Sunday, January 31, 2010

Innovating our way out of underdevelopment -- The Indian example

Asia Times Online (29 January 2010)
http://www.atimes.com/atimes/South_Asia/LA29Df03.html

India's rural inventors drive change

By Raja Murthy

MUMBAI - Mansukh Prajapati invented a first-of-a-kind refrigerator that is made out of terracotta, works without electricity, costs US$53 and is selling in the thousands. It's a sample of an innovation wave from rural and small-town India enriching the world with common-sense products.

Anil Gupta, a professor at India's premier business school, the Indian Institute of Management, Ahmedabad, leads a pioneering tribe of technocrats working for no-frills change at the mass level, by harnessing knowledge wealth from economically weaker sections of society.

"Being economically poor does not mean being knowledge-poor," Gupta told Asia Times Online. "But the poor who are at the bottom of the economic pyramid are often considered as being at the bottom of the knowledge pyramid as well. Nothing could be further from the truth."

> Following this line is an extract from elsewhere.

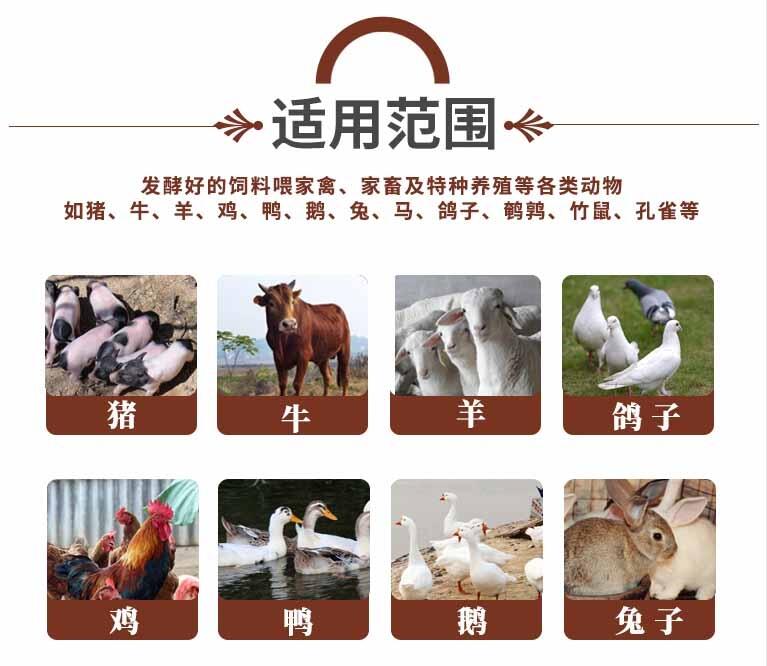 发酵后的饲料适用于家畜、家禽及虫类养殖领域,包括猪、鸡、鸭、鹅、牛、羊、马、兔、狗、狐、貂、鸽子、蚕等

To prove the truth that wisdom does not depend on university degrees, Gupta's 21-year-old Honey Bee Network has compiled an unprecedented database of 140,000 innovations created by farmers, villagers and small-town inventors. Many have no formal education or technical training. Teams of Honey Bee volunteers scout across India to hunt out local innovations, inventions and traditional knowledge practices.

The Honey Bee Network of rural and small-town inventors, academics, scientists, entrepreneurs, policymakers and volunteers gather, pool, develop and share know-how from a mass-based, much-ignored source. India's heart beats in its villages, and the country is entering a phase of listening to its heartbeat.

Gupta, who is also a visiting professor of innovation management in emerging markets at the European Business School, Frankfurt, Germany, coordinates the Honey Bee Network. In turn, the network connects with other supporting agencies in India, such as the National Innovation Foundation, Society for Research and Initiatives for Sustainable Technologies and Institutions, the Grassroots Innovation Augmentation Network, Innovation Club and the Network of Rural Universities.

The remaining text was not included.